In the profession of machine learning, when the data is too large, traditional data-processing may become unrealistic thus it may use the effort of big data framework.

Keyword:

MapReduce, Hadoop, Hadoop Streaming, HDFS, YARN, Machine Learning, Deep Learning, Tensorflow, Distributive Training, Kaggle

Motivation:

The training data feeding to the Deep Neural Network (DNN) may be too big to be handled by python science tooling stack
The data preprocessing like feature engineering, categorical encoding, missing value imputation may not be scalable in a regular single machine.

Summary

This project is trying to think at the standpoint of a machine learning developer who wants to utilize Big data framework to ease their daily work
We will use Hadoop Streaming utility to perform training data preprocessing in Hadoop MapReduce framework over HDFS
- We will use python scripts in Hadoop Streaming as python is the major scripting language for machine learning which has thorough data science tooling stack support
- We will do the data processing, including:
  - Categorical data encoding
  - Data scaling
  - Missing Data imputation
- Then we will store the processed CSV Data as TFRecords files in HDFS via Tensorflow TFRecordWriter
  - TFRecords is an efficient Tensorflow data format that supports distributive training
  - Tensorflow supports reading TFRecords from HDFS with optimized batch size

Data source

The data we used here is from Kaggle - Black Friday sales

Prerequisites

macOS Catalina as the development machine
Homebrew
Hadoop is setup with Java 8 as JAVA_HOME and ${HADOOP_HOME} in env variables
- e.g. export JAVA_HOME=/Library/Java/JavaVirtualMachines/jdk1.8.0_121.jdk/Contents/Home
- e.g. export HADOOP_HOME=/usr/local/Cellar/hadoop/3.3.0/libexec

Data preprocessing with Hadoop Streaming

Install required packages

# Upgrade python to python3
brew upgrade python
brew link python
# install tensorflow dependency
pip3 install tensorflow

Categorical Data encoding

All scripts listed are captured in file ./bin/mapred.sh

Summarize all categorical values/labels for each column

output=output-0
hadoop fs -rm -r /machine-learning-final/${output}
$HADOOP_HOME/bin/mapred streaming \
    -files ./mappers/categorical-stat-0-mapper.py,./reducers/categorical-stat-0-reducer.py \
    -input "/machine-learning-final/train.csv" \
    -output /machine-learning-final/${output} \
    -mapper "categorical-stat-0-mapper.py" \
    -reducer "categorical-stat-0-reducer.py"
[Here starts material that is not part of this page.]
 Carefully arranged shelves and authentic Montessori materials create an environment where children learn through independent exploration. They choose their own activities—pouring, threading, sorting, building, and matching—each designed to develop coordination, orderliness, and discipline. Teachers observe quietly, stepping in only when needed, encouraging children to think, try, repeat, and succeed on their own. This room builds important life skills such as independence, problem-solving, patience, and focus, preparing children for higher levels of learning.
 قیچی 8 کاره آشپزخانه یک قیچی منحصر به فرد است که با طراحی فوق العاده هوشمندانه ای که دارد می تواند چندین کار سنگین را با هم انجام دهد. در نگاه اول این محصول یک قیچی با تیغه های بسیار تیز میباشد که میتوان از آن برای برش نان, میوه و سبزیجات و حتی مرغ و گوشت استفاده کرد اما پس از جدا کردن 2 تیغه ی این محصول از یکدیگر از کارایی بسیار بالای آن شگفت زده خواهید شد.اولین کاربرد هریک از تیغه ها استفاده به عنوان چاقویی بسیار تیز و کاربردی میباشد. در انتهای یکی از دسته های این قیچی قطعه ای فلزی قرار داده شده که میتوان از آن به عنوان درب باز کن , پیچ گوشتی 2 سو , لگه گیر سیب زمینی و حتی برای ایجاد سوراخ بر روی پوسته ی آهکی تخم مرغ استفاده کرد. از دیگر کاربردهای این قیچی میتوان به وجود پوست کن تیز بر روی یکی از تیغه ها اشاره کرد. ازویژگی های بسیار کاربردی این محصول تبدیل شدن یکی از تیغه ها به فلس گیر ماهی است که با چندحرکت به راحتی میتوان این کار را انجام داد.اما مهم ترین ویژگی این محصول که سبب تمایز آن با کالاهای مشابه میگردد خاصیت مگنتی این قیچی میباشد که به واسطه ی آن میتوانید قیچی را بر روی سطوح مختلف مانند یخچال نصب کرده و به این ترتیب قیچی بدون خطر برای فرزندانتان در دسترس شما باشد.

hadoop fs -head "/machine-learning-final/${output}/part-00000"
rm column_encoder_definition.txt
hadoop fs -get "/machine-learning-final/${output}/part-00000" column_encoder_definition.txt

Encode category data with its number representation (Ordinal/Integer Encoder)

output=output-1
hadoop fs -rm -r /machine-learning-final/${output}
$HADOOP_HOME/bin/mapred streaming \
    -files hdfs://localhost:9000/machine-learning-final/output-0/part-00000#column_encoder_definition.txt,./mappers/categorical-stat-1-mapper.py \
    -input "/machine-learning-final/train.csv"  \
    -output "/machine-learning-final/${output}" \
    -mapper "categorical-stat-1-mapper.py"
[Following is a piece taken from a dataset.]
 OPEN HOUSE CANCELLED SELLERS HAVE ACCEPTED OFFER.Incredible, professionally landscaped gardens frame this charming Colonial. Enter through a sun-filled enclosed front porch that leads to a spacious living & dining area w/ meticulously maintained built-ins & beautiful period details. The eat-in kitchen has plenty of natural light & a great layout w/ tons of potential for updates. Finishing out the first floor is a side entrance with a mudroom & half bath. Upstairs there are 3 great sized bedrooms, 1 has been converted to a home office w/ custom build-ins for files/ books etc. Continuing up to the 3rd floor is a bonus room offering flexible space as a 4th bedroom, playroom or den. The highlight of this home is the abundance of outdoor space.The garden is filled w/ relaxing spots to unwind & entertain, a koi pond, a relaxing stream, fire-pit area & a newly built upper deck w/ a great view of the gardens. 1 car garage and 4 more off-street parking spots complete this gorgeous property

hadoop fs -head "/machine-learning-final/${output}/part-00000"
rm ./target/hadoop_category_encoded.csv
hadoop fs -get /machine-learning-final/${output}/part-00000 ./target/hadoop_category_encoded.csv

Summarize min/max values per each column

output=output-2
hadoop fs -rm -r /machine-learning-final/${output}
$HADOOP_HOME/bin/mapred streaming \
    -files ./mappers/identity-mapper-reducer.py,./reducers/min-max-scale-reducer.py \
    -input "/machine-learning-final/output-1/part-00000"  \
    -output "/machine-learning-final/${output}" \
    -mapper "identity-mapper-reducer.py" \
    -reducer "min-max-scale-reducer.py"

hadoop fs -head "/machine-learning-final/${output}/part-00000"
rm ./min_max.json
hadoop fs -get /machine-learning-final/${output}/part-00000 ./min_max.json

Perform data scaling according to the min/max values

output=output-3
hadoop fs -rm -r /machine-learning-final/${output}
$HADOOP_HOME/bin/mapred streaming \
    -files hdfs://localhost:9000/machine-learning-final/output-2/part-00000#min_max.json,./mappers/min-max-scale-mapper.py \
    -input "/machine-learning-final/output-1/part-00000"  \
    -output "/machine-learning-final/${output}" \
    -mapper "min-max-scale-mapper.py" 

hadoop fs -head "/machine-learning-final/${output}/part-00000"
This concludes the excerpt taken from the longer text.